Data to use:
○ ○ ○ ○ ○ ○ ○
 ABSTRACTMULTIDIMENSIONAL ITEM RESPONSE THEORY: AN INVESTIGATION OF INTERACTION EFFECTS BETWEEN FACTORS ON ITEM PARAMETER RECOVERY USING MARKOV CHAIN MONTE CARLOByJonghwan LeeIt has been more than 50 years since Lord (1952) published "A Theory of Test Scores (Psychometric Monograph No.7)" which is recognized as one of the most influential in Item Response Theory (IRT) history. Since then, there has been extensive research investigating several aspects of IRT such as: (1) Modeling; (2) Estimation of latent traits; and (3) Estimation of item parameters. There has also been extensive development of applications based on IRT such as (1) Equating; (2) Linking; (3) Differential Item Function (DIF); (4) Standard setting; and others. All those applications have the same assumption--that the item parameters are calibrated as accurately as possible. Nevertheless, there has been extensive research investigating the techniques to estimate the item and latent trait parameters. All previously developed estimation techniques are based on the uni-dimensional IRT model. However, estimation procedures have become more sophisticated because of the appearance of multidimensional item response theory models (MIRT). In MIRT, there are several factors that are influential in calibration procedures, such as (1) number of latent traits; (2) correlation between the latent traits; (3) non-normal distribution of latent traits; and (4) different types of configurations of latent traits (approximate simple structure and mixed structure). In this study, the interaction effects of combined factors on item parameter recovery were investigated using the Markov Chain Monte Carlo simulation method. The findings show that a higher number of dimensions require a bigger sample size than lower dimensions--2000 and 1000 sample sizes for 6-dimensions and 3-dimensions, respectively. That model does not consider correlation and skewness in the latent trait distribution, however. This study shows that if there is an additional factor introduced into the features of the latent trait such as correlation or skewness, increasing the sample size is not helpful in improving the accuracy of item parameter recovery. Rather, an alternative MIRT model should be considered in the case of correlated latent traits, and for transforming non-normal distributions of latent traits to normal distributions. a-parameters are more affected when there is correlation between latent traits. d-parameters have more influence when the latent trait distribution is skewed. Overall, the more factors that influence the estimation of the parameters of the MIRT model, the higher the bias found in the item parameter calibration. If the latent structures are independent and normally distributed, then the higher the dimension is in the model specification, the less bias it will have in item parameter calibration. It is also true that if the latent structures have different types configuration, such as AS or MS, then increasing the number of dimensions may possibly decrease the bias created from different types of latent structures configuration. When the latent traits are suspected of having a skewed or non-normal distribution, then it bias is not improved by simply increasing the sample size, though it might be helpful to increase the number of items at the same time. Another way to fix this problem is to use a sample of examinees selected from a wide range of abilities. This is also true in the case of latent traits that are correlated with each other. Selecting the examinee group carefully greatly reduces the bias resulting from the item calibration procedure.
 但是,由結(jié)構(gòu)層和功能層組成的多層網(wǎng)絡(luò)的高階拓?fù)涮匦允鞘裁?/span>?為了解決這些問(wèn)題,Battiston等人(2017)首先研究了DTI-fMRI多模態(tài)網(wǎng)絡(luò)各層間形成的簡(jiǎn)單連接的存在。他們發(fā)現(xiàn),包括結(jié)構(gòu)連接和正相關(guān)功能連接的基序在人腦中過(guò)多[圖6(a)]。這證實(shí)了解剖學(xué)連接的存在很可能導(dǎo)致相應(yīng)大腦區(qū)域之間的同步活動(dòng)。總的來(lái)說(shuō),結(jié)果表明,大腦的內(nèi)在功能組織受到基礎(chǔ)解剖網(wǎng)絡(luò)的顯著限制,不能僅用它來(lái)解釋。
○ ○ ○ ○ ○ ○ ○
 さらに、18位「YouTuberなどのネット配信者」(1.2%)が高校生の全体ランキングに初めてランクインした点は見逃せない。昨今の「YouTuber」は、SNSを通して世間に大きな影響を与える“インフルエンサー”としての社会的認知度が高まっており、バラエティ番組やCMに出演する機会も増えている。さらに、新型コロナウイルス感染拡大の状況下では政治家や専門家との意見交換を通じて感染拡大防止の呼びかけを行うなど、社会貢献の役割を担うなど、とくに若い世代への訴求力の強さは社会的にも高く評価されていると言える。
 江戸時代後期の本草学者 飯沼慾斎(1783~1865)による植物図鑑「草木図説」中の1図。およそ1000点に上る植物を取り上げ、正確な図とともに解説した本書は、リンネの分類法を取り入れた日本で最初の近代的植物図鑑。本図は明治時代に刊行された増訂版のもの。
○ ○ ○ ○ ○ ○ ○
Task directions: What do the lines above say from the one containing "さらに、18位「YouTub" down to the one containing "江戸時代後期の本草学者 飯沼"? Return them exactly, both end lines included, and only them.

Completed task:
 さらに、18位「YouTuberなどのネット配信者」(1.2%)が高校生の全体ランキングに初めてランクインした点は見逃せない。昨今の「YouTuber」は、SNSを通して世間に大きな影響を与える“インフルエンサー”としての社会的認知度が高まっており、バラエティ番組やCMに出演する機会も増えている。さらに、新型コロナウイルス感染拡大の状況下では政治家や専門家との意見交換を通じて感染拡大防止の呼びかけを行うなど、社会貢献の役割を担うなど、とくに若い世代への訴求力の強さは社会的にも高く評価されていると言える。
 江戸時代後期の本草学者 飯沼慾斎(1783~1865)による植物図鑑「草木図説」中の1図。およそ1000点に上る植物を取り上げ、正確な図とともに解説した本書は、リンネの分類法を取り入れた日本で最初の近代的植物図鑑。本図は明治時代に刊行された増訂版のもの。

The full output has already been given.